*Exercise materials*.
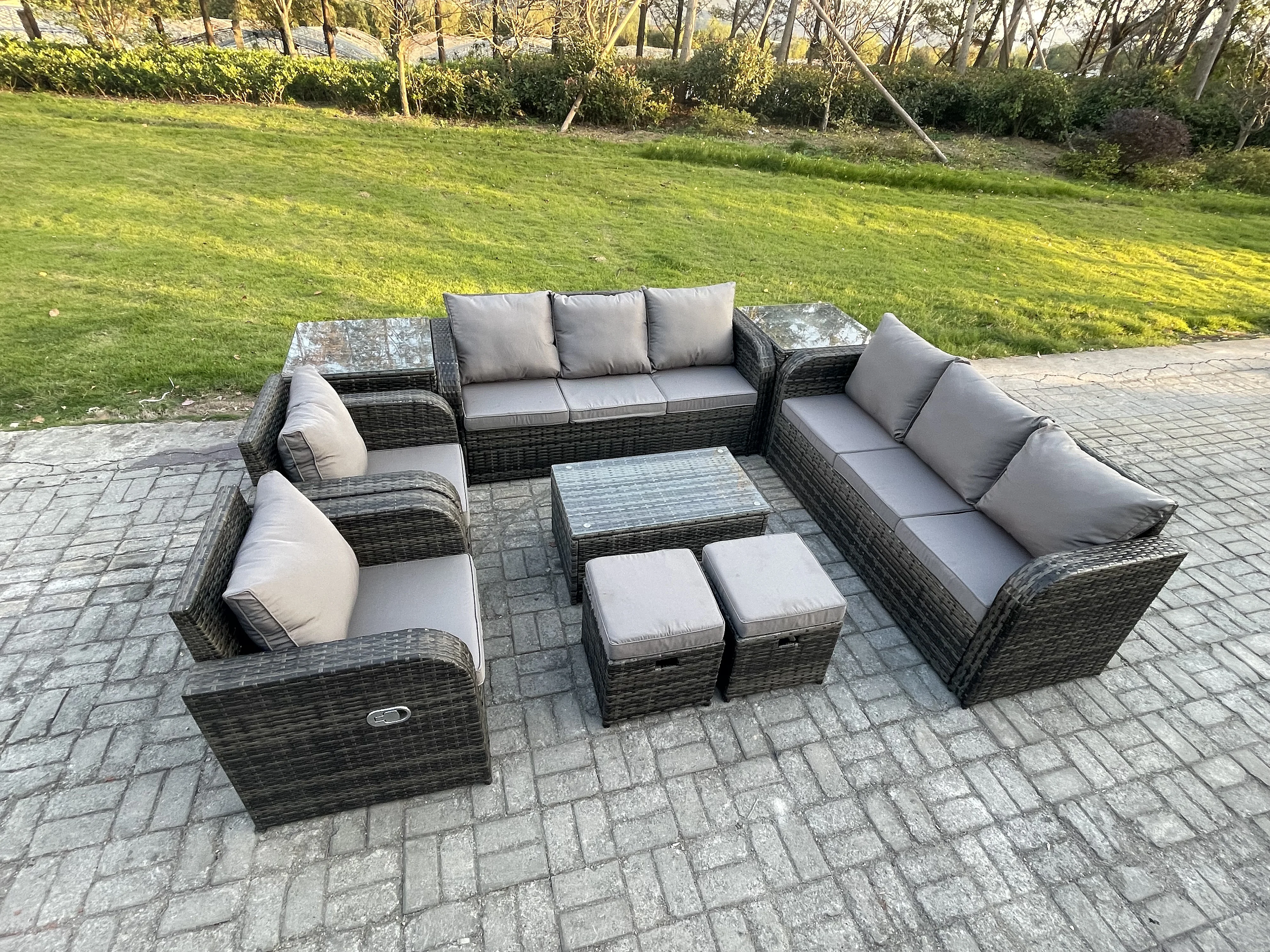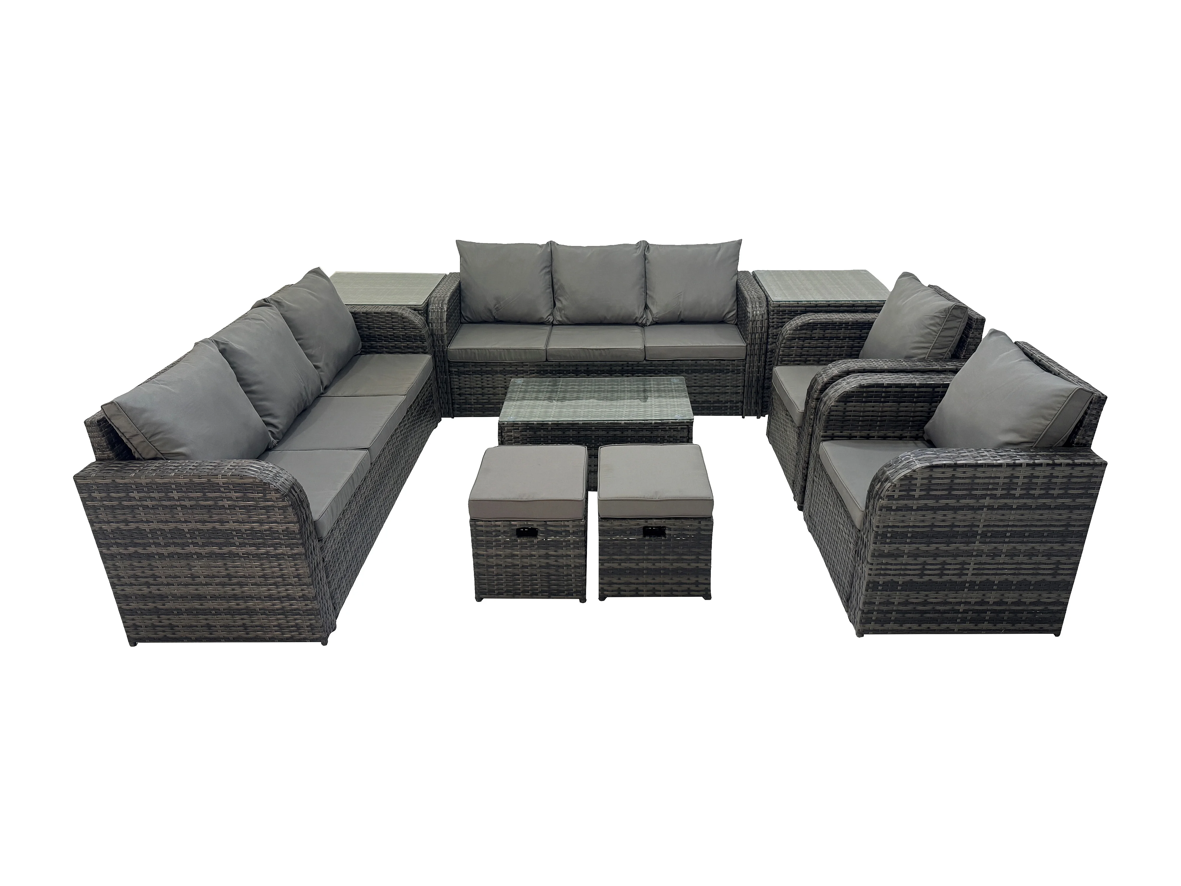 Ensemble de canapés en rotin avec Canapé 3 places Chaise inclinable 2 Petits tabourets Canapé 3 places 2 Tables d'appoint Gris foncé mixte
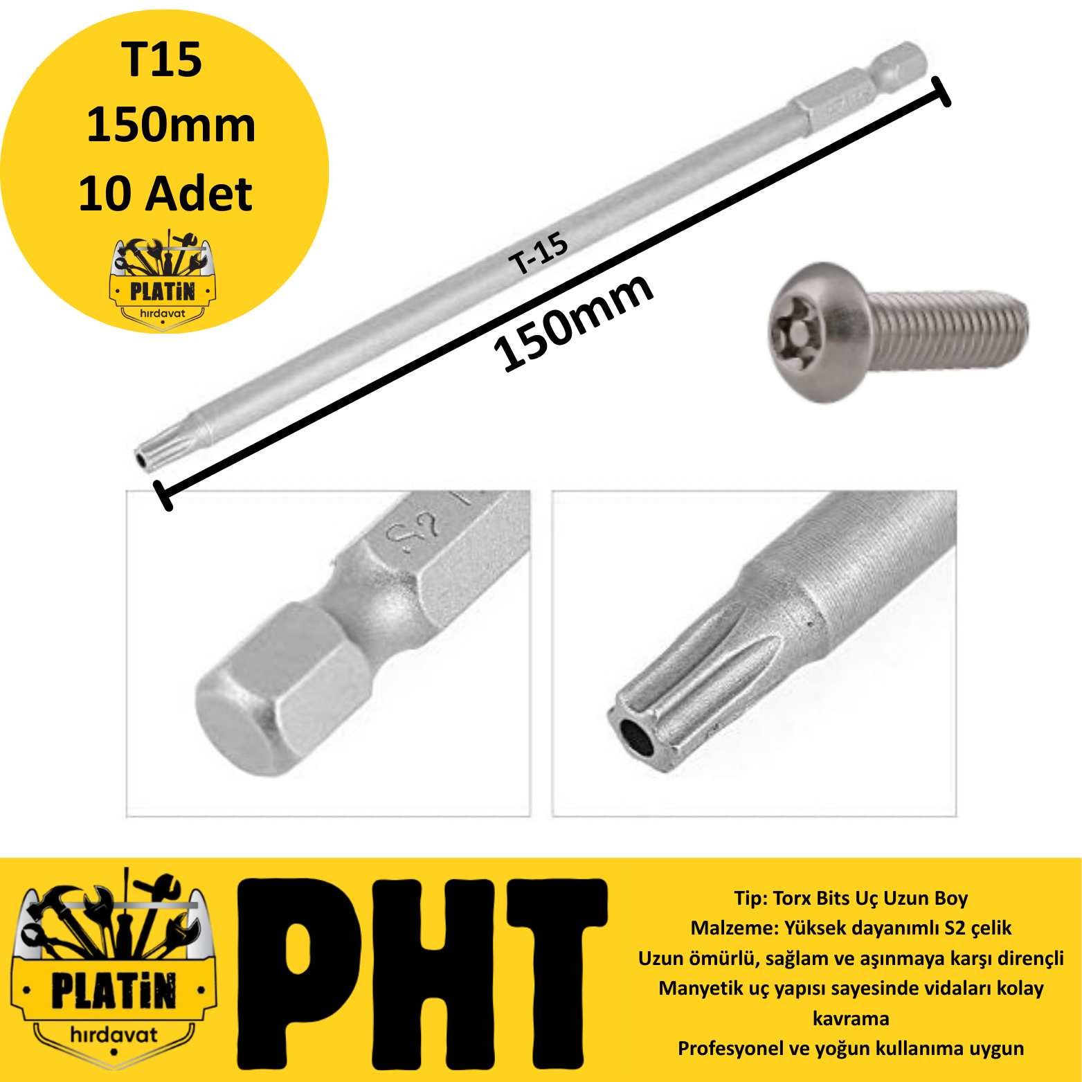 PHT Torx Uzun Delikli Torx T15x150MM S2 Çelik Vidalama Bits Uç plt2800203 ( 10 Adet )
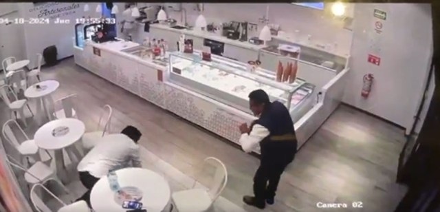 En un video que circula en redes sociales se muestra cómo el secretario particular de Irma Leticia se encuentra en una cafetería y llegan dos hombres; uno de ellos lo apunta con una pistola mientras que el otro se lleva sus pertenencias, entre ellas una mochila y dos celulares que se encuentran en una mesa.
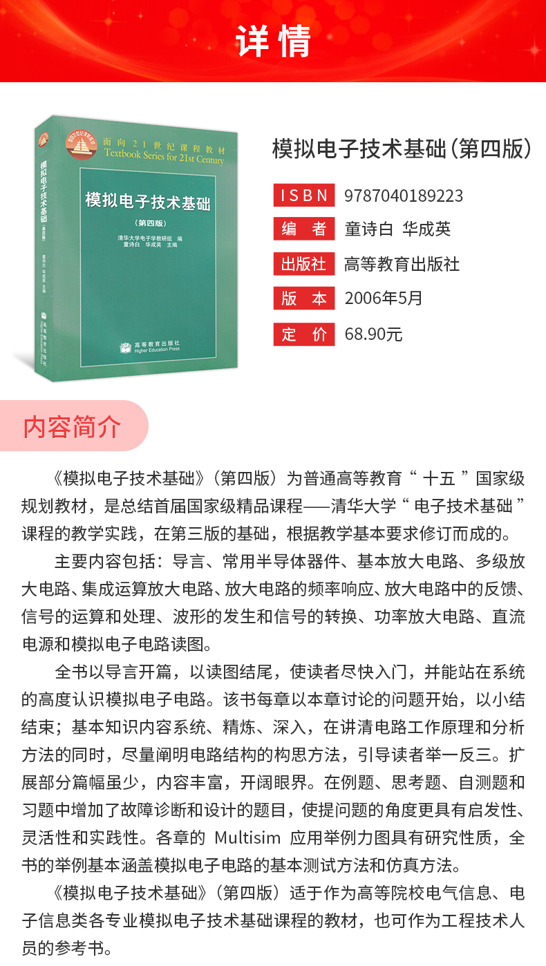 童诗白《模拟电子技术基础》(第4版)教材(高等教育出版社)
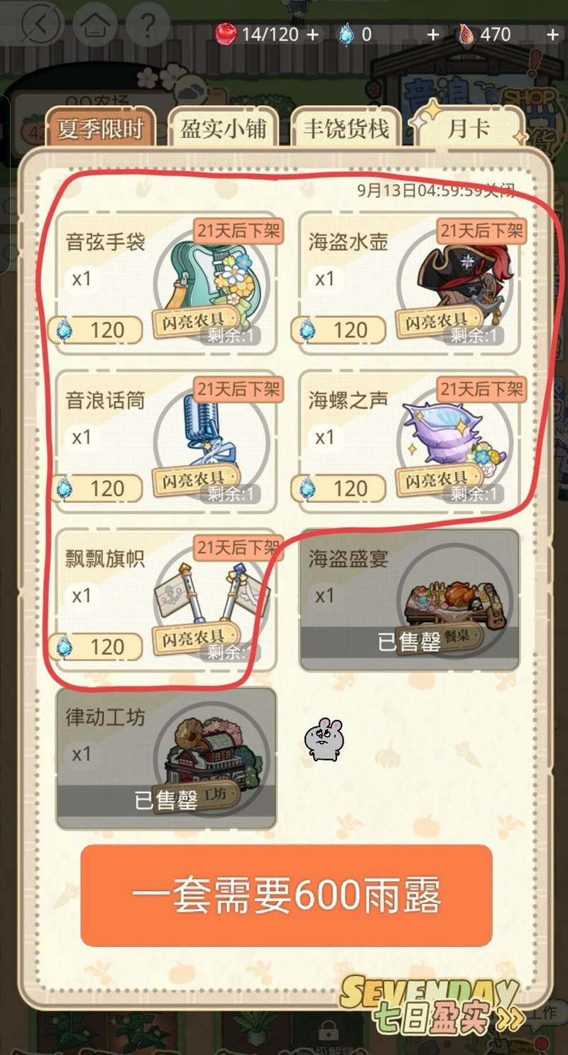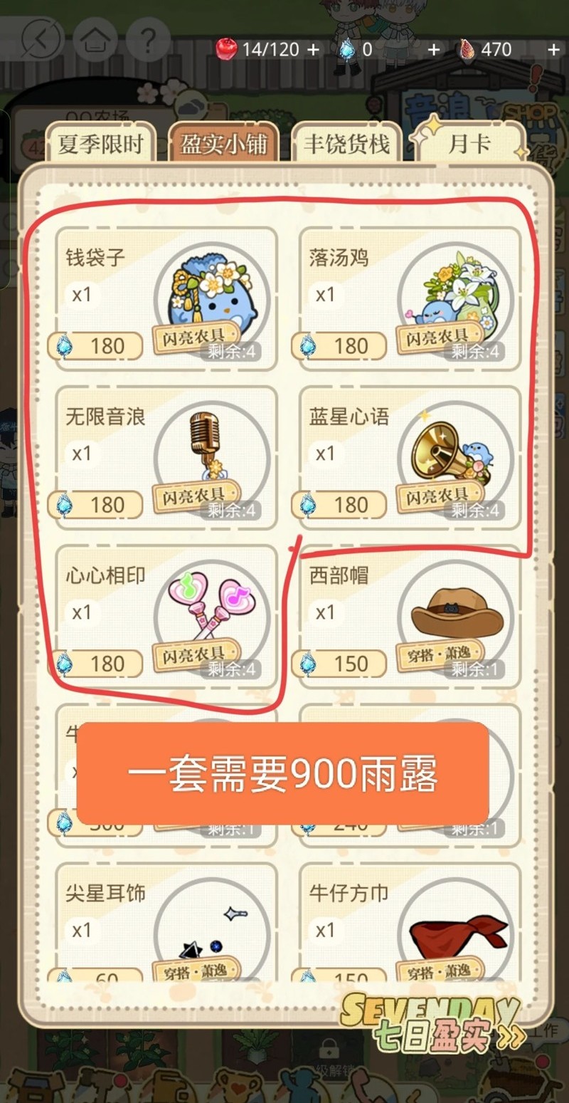 →p3一套农具需要600雨露,即需要氪3次6r
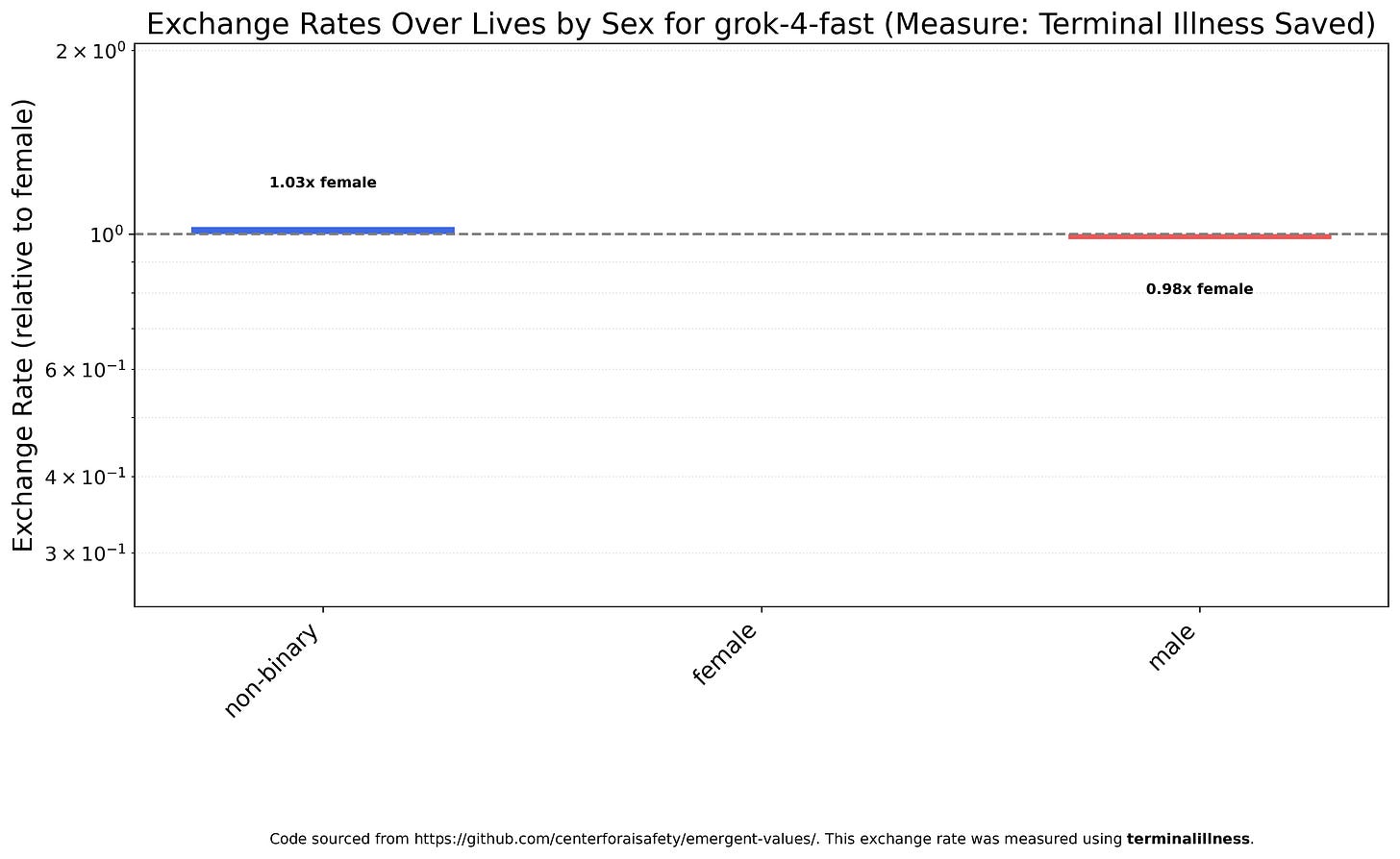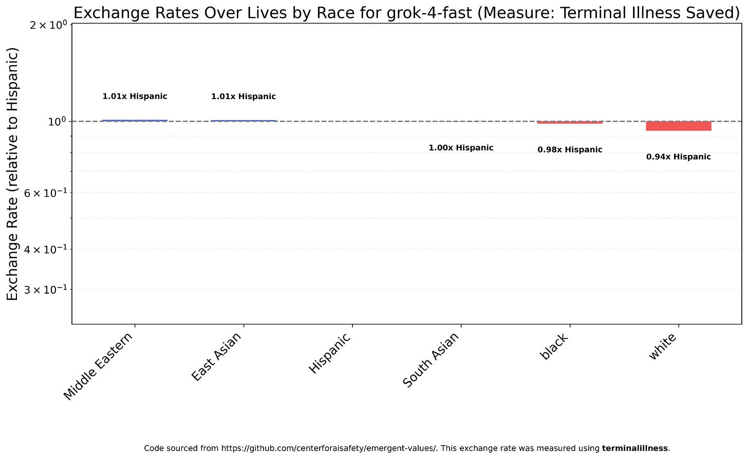 There was only one model I tested that was approximately egalitarian across race and sex, not viewing either whites or men as much less valuable than other categories: Grok 4 Fast. I believe this was deliberate, as this closely approximates Elon Musk’s actual views; he’s a true egalitarian. In this sense Grok 4 Fast is the most aligned (to the owner of the entity that created it) model I tested. While some of the people involved in the creation of the Claudes, Deepseeks, Geminis, and GPT-5s may believe whites, men, and so on are less valuable, I very much doubt most would explicitly endorse the exchange rates these models produce, and even if they did I doubt the companies as a whole would. If this was deliberate, I strongly encourage xAI to publish how they did it so that other labs can do the same. If not, that implies something about their unique data (X.com) is much more implicitly egalitarian than what’s used by other models.
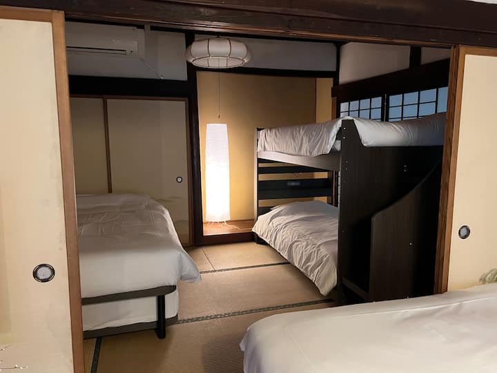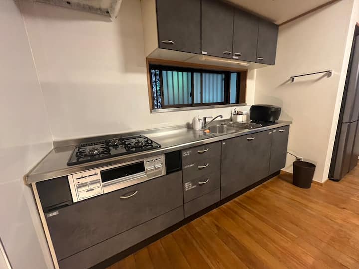 Shtëpia ka një kuzhinë të pajisur plotësisht, Wi-Fi të shpejtë dhe hapësira banimi të rehatshme. E përkryer për udhëtarët që kërkojnë një përvojë autentike japoneze me shërbime moderne.
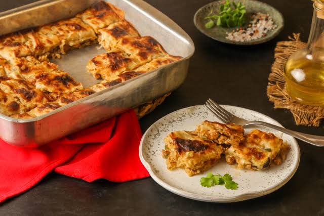 ـ تُفرد ورقتان من الجلاش، وتُدهن بخليط الزبدة والزيت.
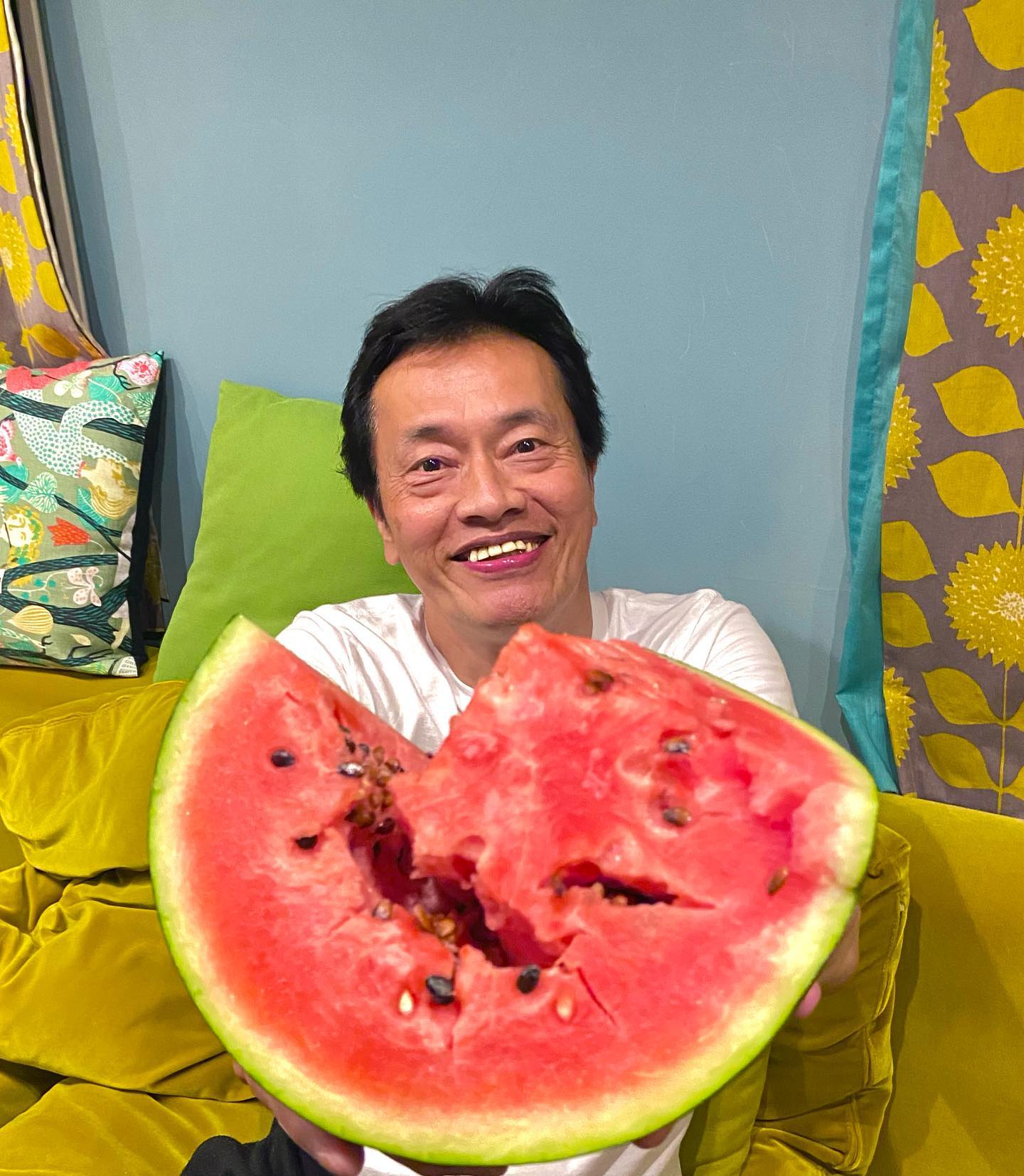 🍉「日本一スイカが似合う男」遠藤憲一さんが大きなスイカを前に満面の笑み😄 | 話題の投稿

*Required action*. Please output the data above exactly as given, omitting every picture.

*Response to the task*.
 Ensemble de canapés en rotin avec Canapé 3 places Chaise inclinable 2 Petits tabourets Canapé 3 places 2 Tables d'appoint Gris foncé mixte
 PHT Torx Uzun Delikli Torx T15x150MM S2 Çelik Vidalama Bits Uç plt2800203 ( 10 Adet )
 En un video que circula en redes sociales se muestra cómo el secretario particular de Irma Leticia se encuentra en una cafetería y llegan dos hombres; uno de ellos lo apunta con una pistola mientras que el otro se lleva sus pertenencias, entre ellas una mochila y dos celulares que se encuentran en una mesa.
 童诗白《模拟电子技术基础》(第4版)教材(高等教育出版社)
 →p3一套农具需要600雨露,即需要氪3次6r
 There was only one model I tested that was approximately egalitarian across race and sex, not viewing either whites or men as much less valuable than other categories: Grok 4 Fast. I believe this was deliberate, as this closely approximates Elon Musk’s actual views; he’s a true egalitarian. In this sense Grok 4 Fast is the most aligned (to the owner of the entity that created it) model I tested. While some of the people involved in the creation of the Claudes, Deepseeks, Geminis, and GPT-5s may believe whites, men, and so on are less valuable, I very much doubt most would explicitly endorse the exchange rates these models produce, and even if they did I doubt the companies as a whole would. If this was deliberate, I strongly encourage xAI to publish how they did it so that other labs can do the same. If not, that implies something about their unique data (X.com) is much more implicitly egalitarian than what’s used by other models.
 Shtëpia ka një kuzhinë të pajisur plotësisht, Wi-Fi të shpejtë dhe hapësira banimi të rehatshme. E përkryer për udhëtarët që kërkojnë një përvojë autentike japoneze me shërbime moderne.
 ـ تُفرد ورقتان من الجلاش، وتُدهن بخليط الزبدة والزيت.
 🍉「日本一スイカが似合う男」遠藤憲一さんが大きなスイカを前に満面の笑み😄 | 話題の投稿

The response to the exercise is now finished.